(Problem requirements):
Would you write out the entries again, exactly as they are, but without images?

(Data under study):

------

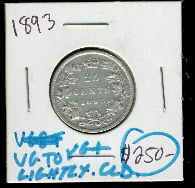 1893 25¢ Abt VG, lightly cleaned.
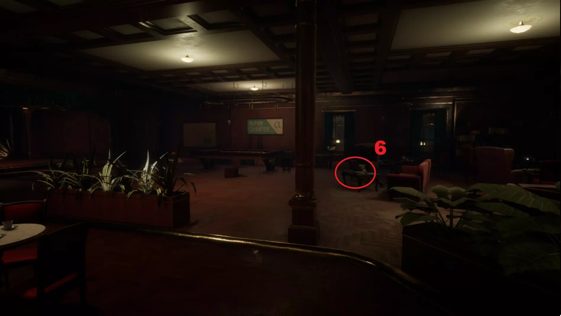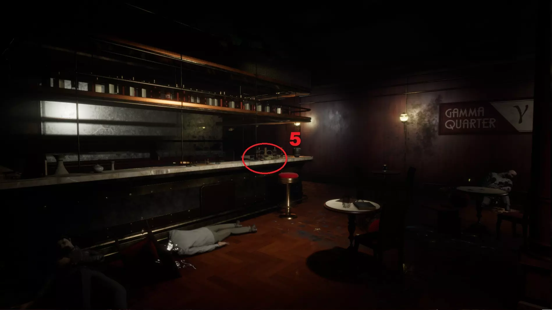 5 - A.金的钥匙卡。伽马区。在大厅的吧台上。
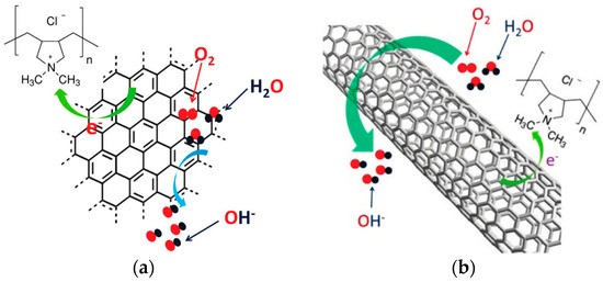 In addition to directly doping carbon skeletons with nitrogen, an alternative method was subsequently developed by Wang et al., where they found that the positively charged polyelectrolyte such as Poly-diallyl dimethylammonium chloride (PDDA) showed a vigorous electron-withdrawing capability and could create net positive and delocalized charges on the conjugated graphene surface when adsorbing onto the surface of graphene [30], leading to intermolecular charge transfer states. Consequently, the graphene catalyst adsorbing positively charged PDDA exhibits a much higher ORR electrocatalytic activity than wholly graphene (Figure 6a). Besides, Wang et al. also employed the positively charged PDDA to tune the ORR catalytic activity of pristine CNTs [31]. Electrons of electrons-rich carbon atoms on CNTs can be withdrawn by the functional groups (i.e., quaternary ammonium) on PDDA backbone, resembling the introduction of a p-type dopant, and therefore the positively charged carbon atoms can not only enhance the oxygen adsorption but also facilitate ORR through potent attraction of electrons from the anode (Figure 6b). These observations signify a vital function of intermolecular charge transfer in carbon and it seems that carbon atoms could also serve as the active sites for ORR.
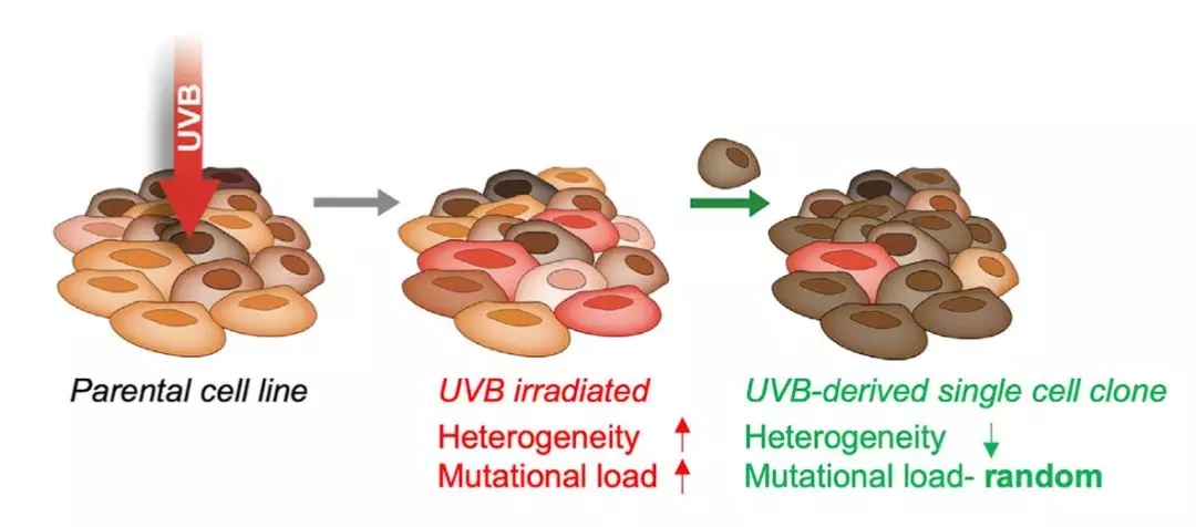 研究人員用適度的紫外線(UVB)照射一個(gè)黑色素瘤細(xì)胞系,照完之后做全外顯子測(cè)序。結(jié)果和預(yù)料的一樣,照射后的黑色素瘤細(xì)胞的TMB升高了,異質(zhì)性也升高了。不過,經(jīng)過紫外線照射的細(xì)胞在培養(yǎng)皿里的生長速度卻變慢了。
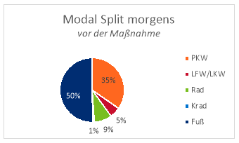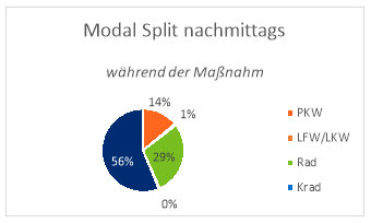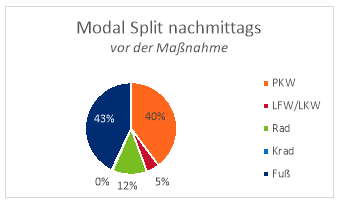 Das Verkehrsaufkommen nachmittags ist bei der Untersuchung vor und während der Maßnahme höher als in den Morgenstunden. Zur Visualisierung wird ein Modal Split, also eine Verteilung der Verkehrsmittel nach Verkehrsaufkommen erstellt.
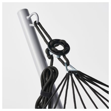 Легко повесить с помощью прилагающихся крюков; не требуется завязывать узлы. Книги журналы и другие мелочи можно хранить в боковом кармане гамака. Можно дополнить опорой для гамака ГОРЭ.
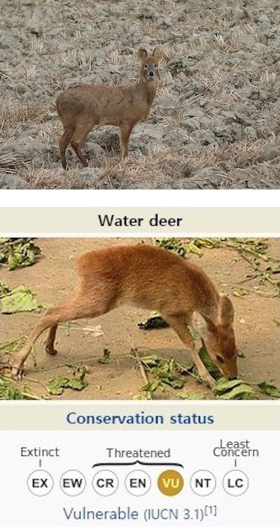 전세계적으로 따지면 멸종위기 급인데, (IUCN(세계자연보전연맹) 적색등급에서 고라니는 멸종위기인 '취약(Vulnerable)' 등급으로 분류) 그 거의 대부분의 개체가 한국에 몰려있는지라 한국에선 유해조수 취급. 0

------

(Solution to this problem):
 1893 25¢ Abt VG, lightly cleaned.
 5 - A.金的钥匙卡。伽马区。在大厅的吧台上。
 In addition to directly doping carbon skeletons with nitrogen, an alternative method was subsequently developed by Wang et al., where they found that the positively charged polyelectrolyte such as Poly-diallyl dimethylammonium chloride (PDDA) showed a vigorous electron-withdrawing capability and could create net positive and delocalized charges on the conjugated graphene surface when adsorbing onto the surface of graphene [30], leading to intermolecular charge transfer states. Consequently, the graphene catalyst adsorbing positively charged PDDA exhibits a much higher ORR electrocatalytic activity than wholly graphene (Figure 6a). Besides, Wang et al. also employed the positively charged PDDA to tune the ORR catalytic activity of pristine CNTs [31]. Electrons of electrons-rich carbon atoms on CNTs can be withdrawn by the functional groups (i.e., quaternary ammonium) on PDDA backbone, resembling the introduction of a p-type dopant, and therefore the positively charged carbon atoms can not only enhance the oxygen adsorption but also facilitate ORR through potent attraction of electrons from the anode (Figure 6b). These observations signify a vital function of intermolecular charge transfer in carbon and it seems that carbon atoms could also serve as the active sites for ORR.
 研究人員用適度的紫外線(UVB)照射一個(gè)黑色素瘤細(xì)胞系,照完之后做全外顯子測(cè)序。結(jié)果和預(yù)料的一樣,照射后的黑色素瘤細(xì)胞的TMB升高了,異質(zhì)性也升高了。不過,經(jīng)過紫外線照射的細(xì)胞在培養(yǎng)皿里的生長速度卻變慢了。
 Das Verkehrsaufkommen nachmittags ist bei der Untersuchung vor und während der Maßnahme höher als in den Morgenstunden. Zur Visualisierung wird ein Modal Split, also eine Verteilung der Verkehrsmittel nach Verkehrsaufkommen erstellt.
 Легко повесить с помощью прилагающихся крюков; не требуется завязывать узлы. Книги журналы и другие мелочи можно хранить в боковом кармане гамака. Можно дополнить опорой для гамака ГОРЭ.
 전세계적으로 따지면 멸종위기 급인데, (IUCN(세계자연보전연맹) 적색등급에서 고라니는 멸종위기인 '취약(Vulnerable)' 등급으로 분류) 그 거의 대부분의 개체가 한국에 몰려있는지라 한국에선 유해조수 취급. 0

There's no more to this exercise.